The distillery began in 2017, contracting out the distilling and making vodka. Whiskey needs a long time to age, so it sat in the background, rather invisibly until its September 2023 release, when 96 bottles of the first 100% Illinois-sourced whiskey produced since prohibition sold out in 21 minutes flat. Now, Silver Tree makes its own spirits at their distillery in Paxton, even picking up a recent Kernza® spirit project.

The tasting room and distillery are in the town of Paxton, population 4,500. Initially, the brick building stabled horses for the hotels on Main Street, making 19th century newspaper headlines as the fanciest livery South of Chicago. Most of its lifetime, it was a Ford dealership. The bar is in the old showroom and the Glazik’s opened up the former parts counter into a windowed area, so all the distilling is on display. In September they started offering monthly tours, and interest has been strong.

As one of the only storefronts with an agricultural focus, Silver Tree is a local jewel, and its products regularly draw attention from Chicago and beyond. The labels trace each field and growing year, so everyone knows just where the bottle began. Even the barrels are from the state’s only cooper, using local white oak and hickory.

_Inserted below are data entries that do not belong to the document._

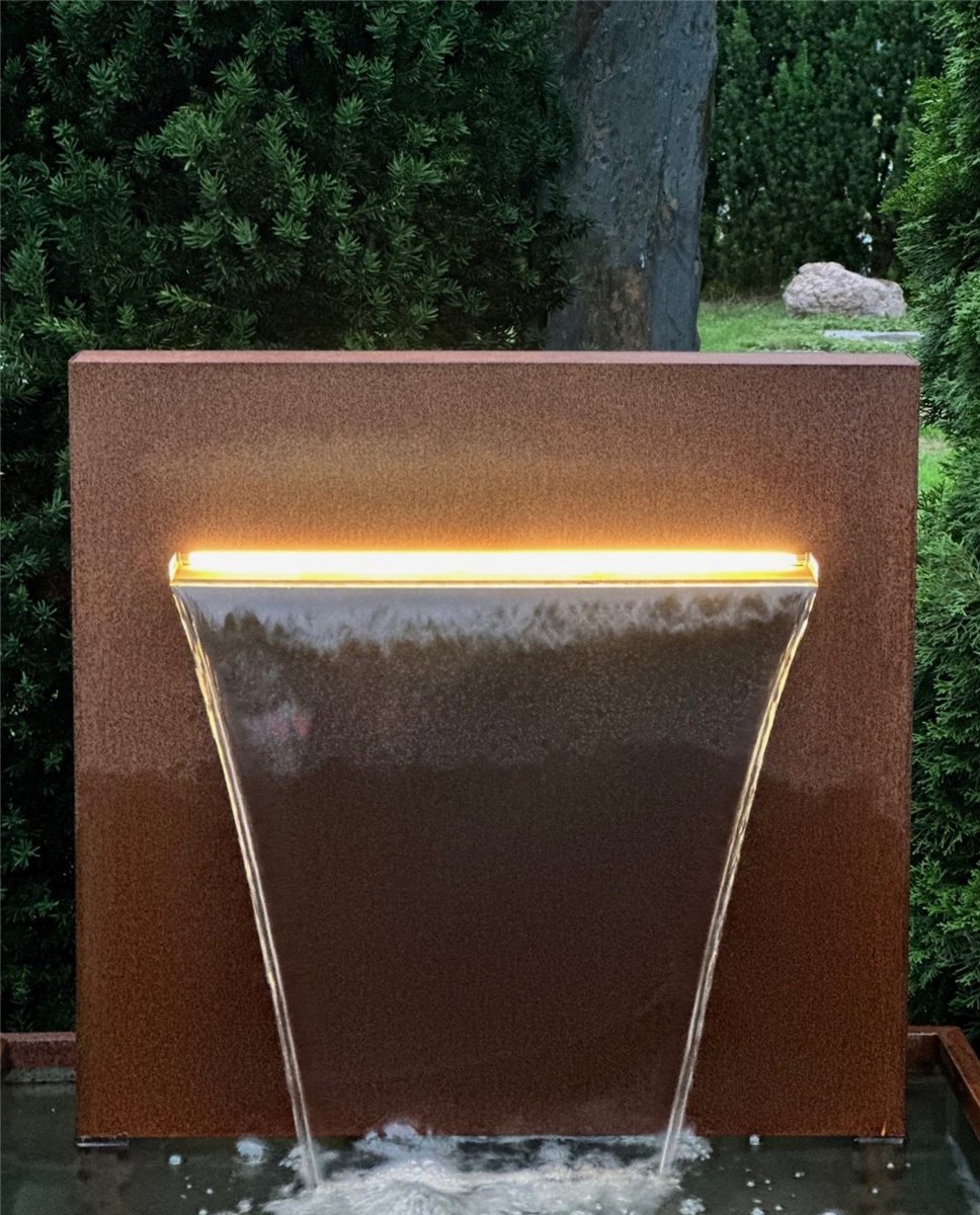 - Der moderne Edelrost Wasserfall ist ein Deutsches Qualitätsprodukt und entsteht in hochwertiger Handwerksarbeit in den Werkstätten der BRUNNENSCHMIEDE, dabei wird ausschließlich Deutsches Cortenstahl höchster Güte in mind. 3 mm Materialstärke verarbeitet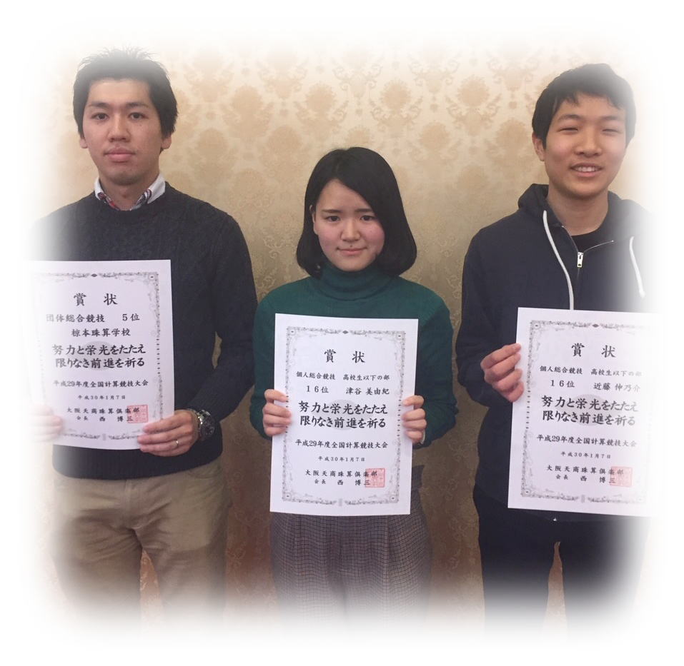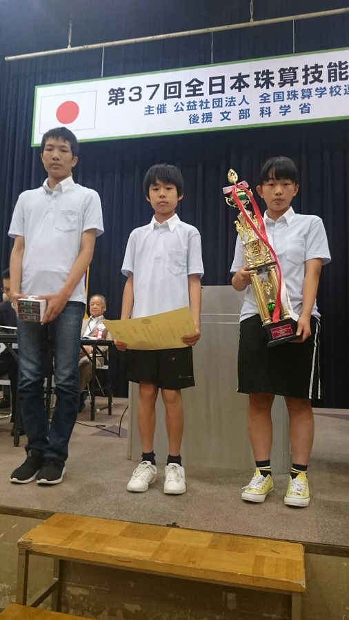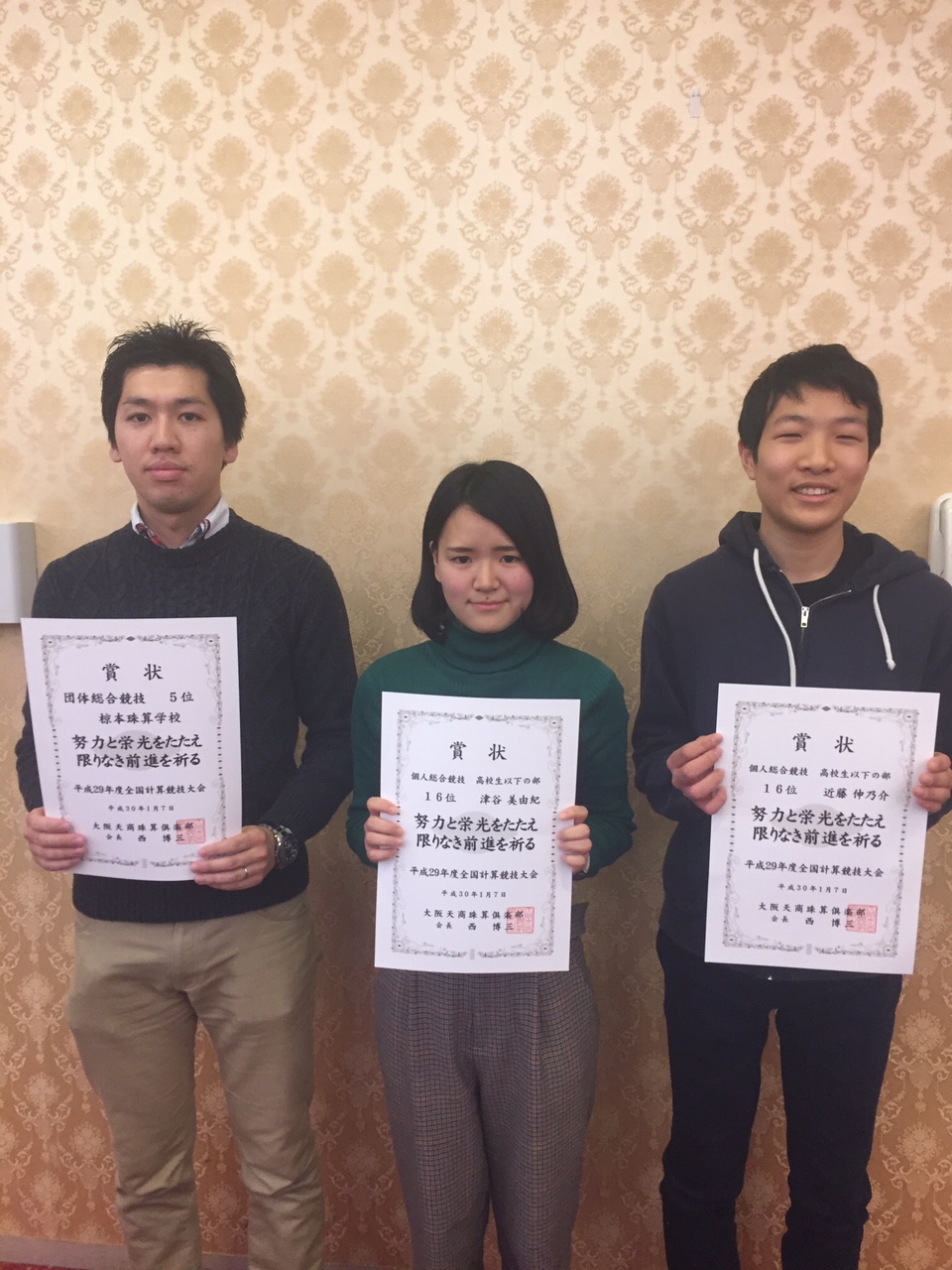椋本珠算学校 5位 (平澤理輝・津谷 美由紀・近藤伸乃介)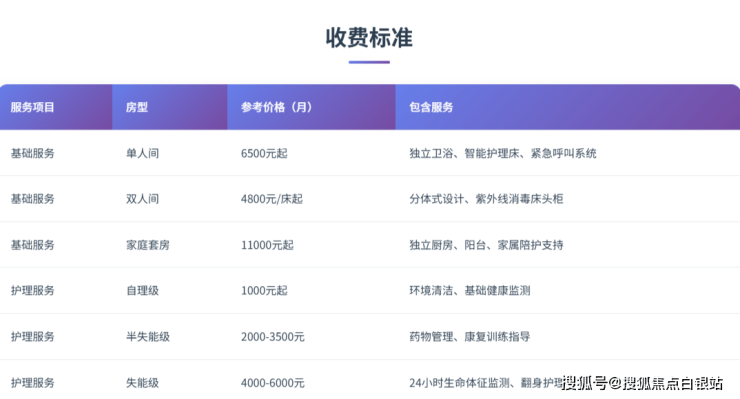 上海和禾和养老院采用科学的收费体系,具体明细如下:

Abby Glazik runs special events for Silver Tree, and branding comes from Boxing Worm Creative Co., which Clay Glazik co-founded. (Readers may recognize Boxing Worm as producers of AGC’s website and our Grain Chain Connections video series!)

On the horizon is a cleaning facility to keep some of the essential grain processing infrastructure and work at home. They look forward to amplifying a marketing campaign they've named Take a Shot at Climate Change. “We found out with our farming practices that we sequester a lot of carbon. Breaking that impact down, that’s 1.2 miles of a standard car offset per shot of whiskey,” said Dallas.

AGC is glad to have this family and their energy in our circuits!